In this episode, Jeff Carpenter talks with Dikang Gu about the origins of Cassandra at Instagram, an update on how the adoption of RocksDB as a storage engine for Cassandra is progressing, geographic data partitioning, and how his team is providing Cassandra as a Service inside Instagram.
Highlights!
0:00 - Welcoming Dikang back to the show and recapping how Cassandra came back into Facebook via the Instagram acquisition.
1:09 - After starting to use Cassandra at a startup in China in 2010, Dikang now leads the Cassandra team at Instagram and is a committer on the project
3:14 - Dikang joined Facebook in 2012 and switched over to Instagram after the acquisition in to 2014 and joined the team working on Cassandra full time, which is now up to 7 engineers.
4:45 - The Cassandra team at Instagram has been working on performance and reliability improvements such as the RocksDB integration. This year they're working on efficiency in compute and storage to help limit hardware growth.
5:55 - Andrew Whang's talk is about a service Instagram has built to partition data by locality, for example to keep data within a particular country or region. This helps with privacy, efficiency, and performance.
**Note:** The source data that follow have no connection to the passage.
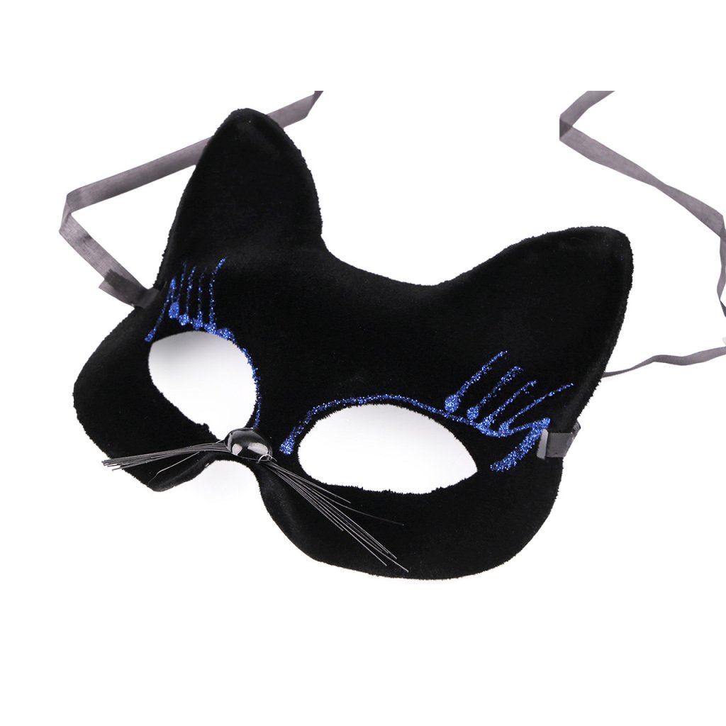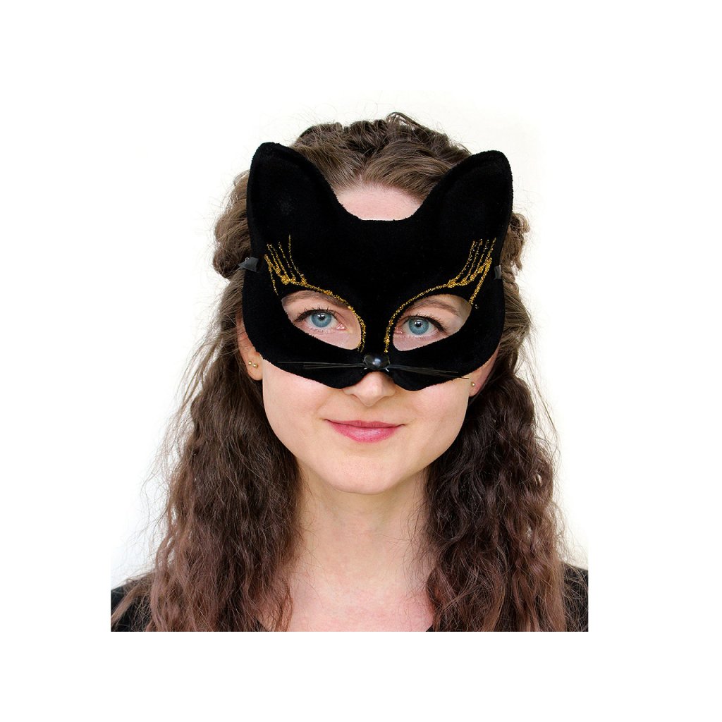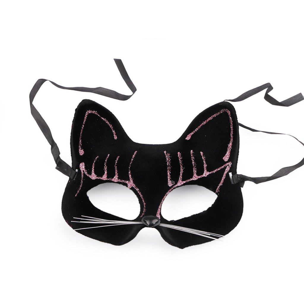 Karnevalová škraboška vás promění v tajemnou kočku. Její povrch připomíná samet. Kolem očí je ozdobená malbou z glitrů. Hravým detailem na škrabošce je čumáček.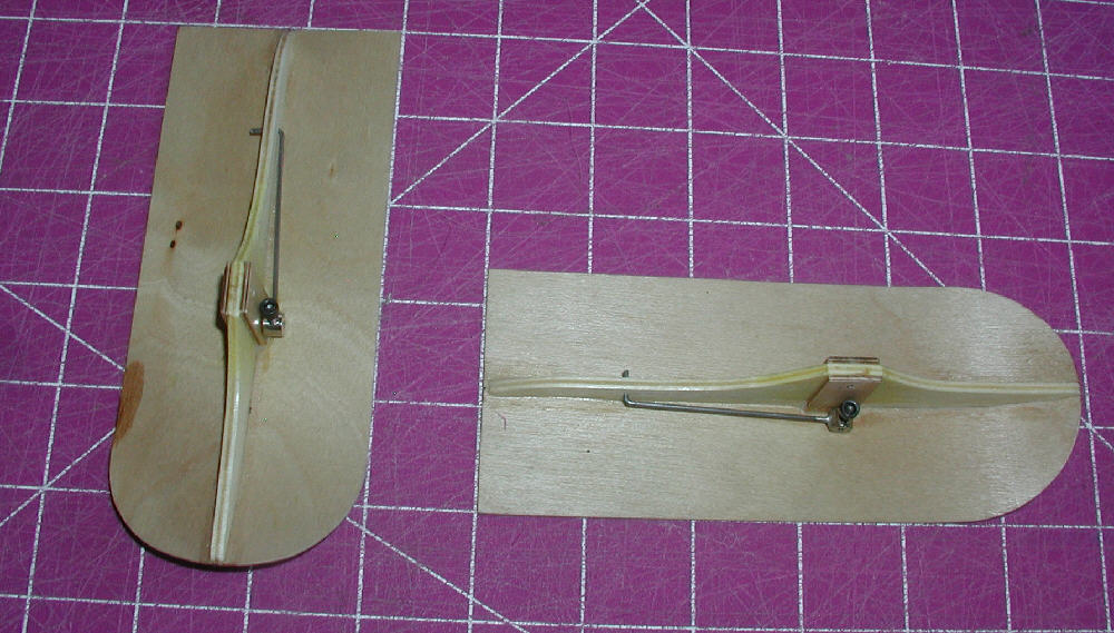 The floats were then cut out, carved to give a bit of aerodynamic streamlining, then covered with 3 mil 'DocuLam' laminating film. The film was left extended about 3/8" above the edges of the upper mounting surface (with overlaps forming two layers on the bottom ski running surface). After covering was complete, and the mounting area on the underside of the wing was overlaid with a layer of the laminating film too, the skis were each positioned and held in place on the bottom of the wing while the 3/8" wide flaps of laminating film were ironed onto the wing's lower surface. This is enough to hold the skis in position; in this way they are easily removable so that wheel gear might be mounted later, yet the laminating film is so tough that they are held very solidly in place.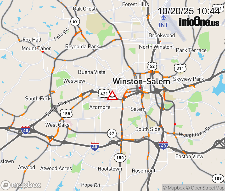The right lane is closed past Exit 234a (Peters Creek Pkwy). Updated: Mon 10/20/25 10:44 AM EDT ![]() Updated: Mon 10/20/25 10:44 AM EDT |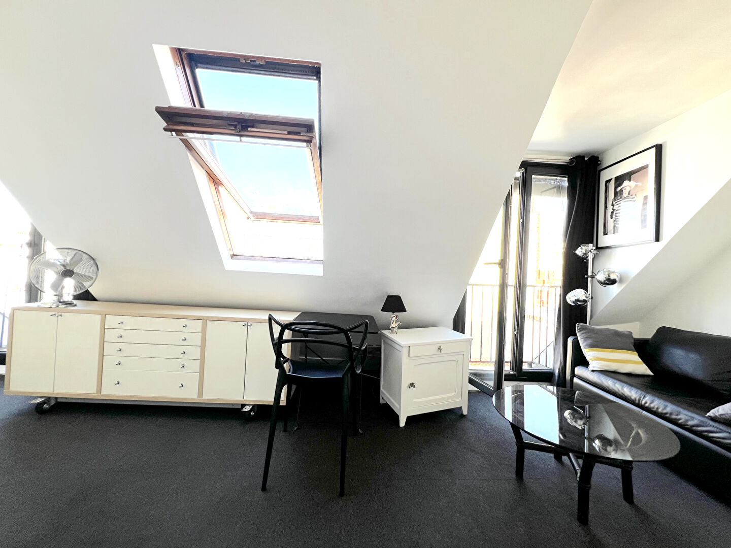 Paris 7ème - M° Ecole Militaire - Dans le très recherché quartier du Gros-Caillou proche du Champs de Mars, en plein coeur de la rue Cler, dans la partie piétonne très animée, LA SIGNATURE vous propose ce charmant studio au 6ème et dernier étage sous les combles, de 27,11m2 au sol, 18,80m2 LC avec 2 balconnets, totalisant une superficie pondérée de 24m2. Exposé Est avec une belle vue dégagée sur les toits de Paris, 2 grandes fenêtres avec balconnet et un velux, il est baigné de soleil et reste très lumineux en fin d'après-midi. Il est composé d'une entrée desservant la pièce à vivre avec un espace nuit, une cuisine US, une salle de bains avec WC et buanderie, une cave de 7m2. Une pépite à visiter très vite! (3.40 % honoraires TTC à la charge de l'acquéreur.) Copropriété de 117 lots - dont 54 lots habitation. Charges annuelles : 2148 euros. Véronique MULLER (EI) Agent Commercial - Numéro RSAC : - .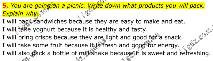 5. You are going on a picnic. Write down what products you will pack. Explain why. I will pack sandwiches because they are easy to make and eat. I will take yoghurt because it is healthy and tasty. I will bring crisps because they are light and good for a snack. I will take some fruit because it is fresh and good for energy. I will also pack a bottle of milkshake because it is sweet and refreshing.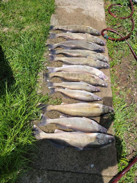 It seems like we haven't been able to catch a break , and have good weather on the weekend. Today was that day. We got to the Catawba ramp at 930 and was told that the park was full by the ranger. We told him, "great" we're not parking in the park. So he let us go ahead and put the boat in. We dropped the boat and my buddy drove back to the house. I went down the way and picked him up. While we were ramping, one of the boats coming in, told us it was on fire at the cans. So we headed to F can. We started to trolling NNE from F can. We had only gone a couple hundred yards when we picked up our first fish. In the next 1/4 mile we picked up 3 more. So we turned around and worked the same area, over and over. It took 3 and a half hours to get out 2 man limit.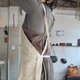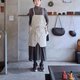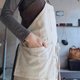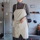 米白皱缩棉麻,质地朴实温润 中性大方,可作围裙或穿搭。 适合居家/工作穿着,下摆两片开衩设计, 便于起身蹲下的活动机能。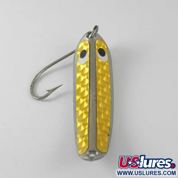 Unos ojos grandes en blanco y negro de alto contraste están situados en la cabeza del cuerpo de 7 cm, creando un punto focal llamativo para la Jig-A-Whooper Hawgler spoon #6. Este señuelo de HT Enterprises, catalogado bajo el código de producto 1019, presenta una forma metálica curva con un patrón de escamas holográficas amarillas brillantes aplicado en la superficie frontal. Al dar la vuelta al jig, se descubre una parte posterior plateada limpia con el nombre del modelo estampado, mostrando su origen estadounidense. Con un peso de 21 g, el señuelo está diseñado para el jigging vertical y presentaciones en aguas profundas. El hardware incluye un robusto anzuelo simple unido mediante un anilla abierta en la cola y un enganche para la línea preperforado en la cabeza. En su estado 4/5, la capa holográfica reflectante y el baño de plata permanecen brillantes y bien conservados para ser un espécimen vintage.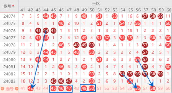 该区间的冷号41 42应该会出一个号码了,本期我们关注一下42号数字出号情况。本期的44号数字我们注意一下出号情况,毕竟上期开出了45 47号数字,有可能会把44号数字带出来的。上期开出了45 46 47号数字的三连号,本期我们注意出重号的情况。本期的49号数字我们注意一下出号情况,属于空二对称的号码,本期还是有出号机会的。本期的56 57 58号数字我们要注意出一个号码的情况,重点关注一下56 58号数字出一个号码的情况。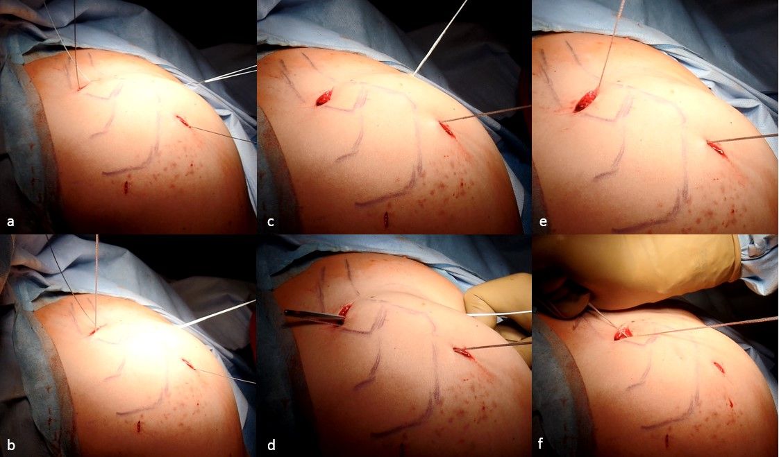 For horizontal stabilization, a triangular acromioclavicular cerclage with a non-absorbable tape is used. First the tape is attached to the clavicular nitinol suture passer and pulled from the other end (Fig. 7a & b). Then the tape is attached to the eyelet of the acromial nitinol passing wire and pulled through the lateral portal (Fig. 7c). The back part of the tape at the anteroinferior portal is attached to a knot pusher device and retrieved via the clavicular incision (Fig 7d). The tape from the lateral portal is also attached to the knot pusher and retrieved subcutaneously to the clavicular incision (Fig. 7e). This step avoids soft tissue interposition. The ends of the non-absorbable tape can now be tightened and knotted (Fig. 7f).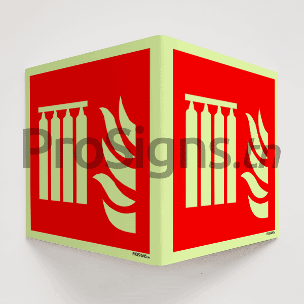 Plaque / Panneau drapeau. Photoluminescent / Phosphorescent. PD-PL-F008 - Système fixe d’extincteurs d’incendie en série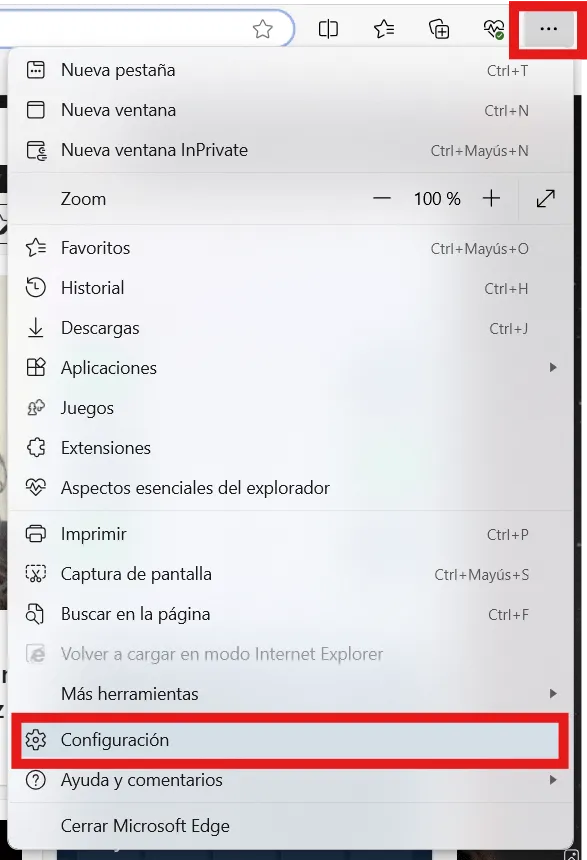 - Abre Microsoft Edge, ve a los tres puntos en la esquina superior derecha y de ahí en «Configuración«.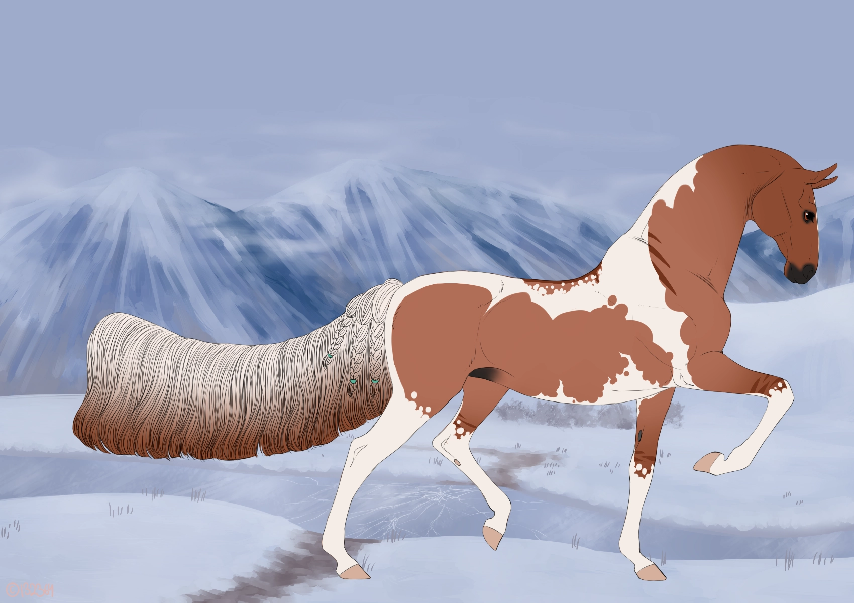 Primitive Red Dun Tobiano Sabino Snowfall Rapunzel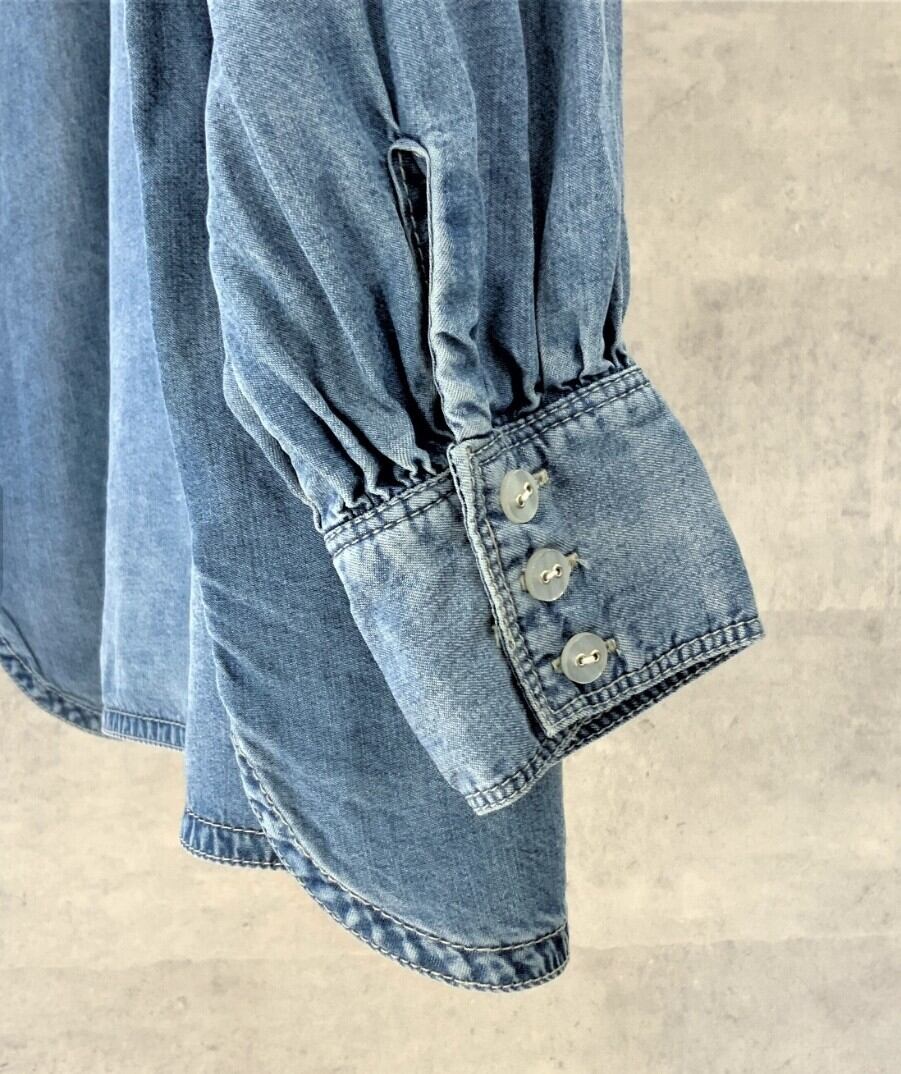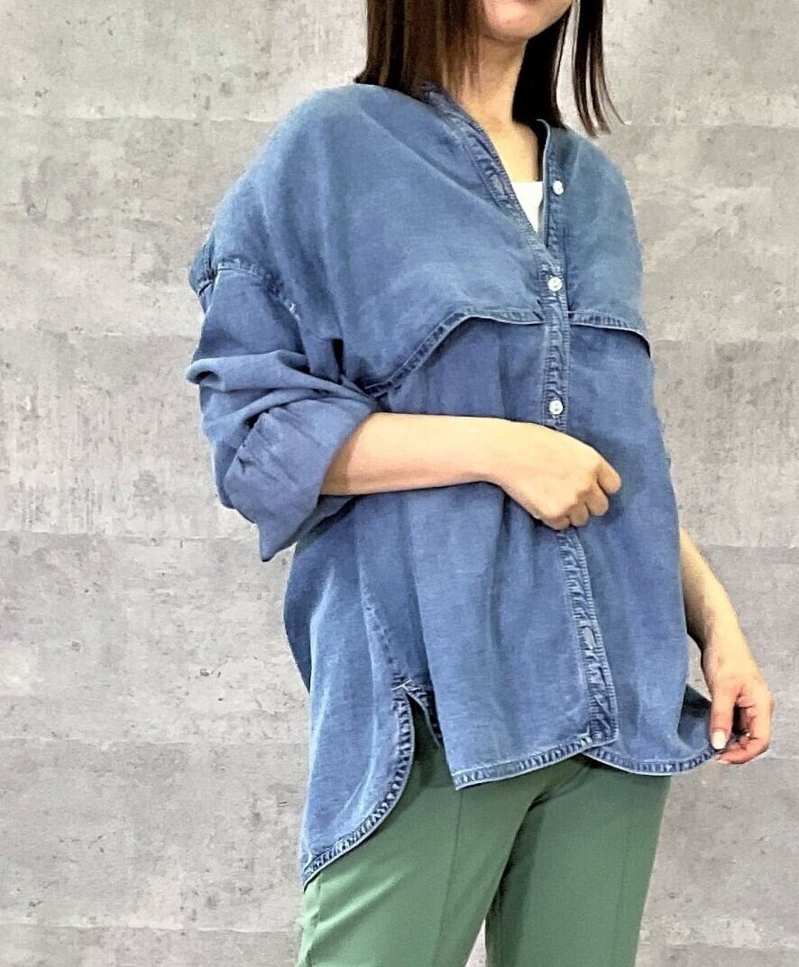 肩から身頃にかけて生地を二重にする今季HOTなデザインをテンセルシャツで作りました。

9:18 - The team is also working to provide Cassandra as a Service within Instagram. Michael Figuiere's talk is about a layer they are providing on top of Cassandra to simplify access and provide traffic management. The API is based on Thrift.
13:43 - Most of the clusters at Instagram have been migrated onto the RocksDB-based engine. They're continuing to work on updating Cassandra APIs to make the storage engine pluggable, this will be a post-4.0 feature.
16:01 - Features in 4.0 that Dikang is excited about include virtual tables and the internode communication based on Netty.
18:08 - Another feature for the future is stronger membership management around the gossip protocol and handling failure.
22:00 - Looking forward to talks at Accelerate about repair and sidecars.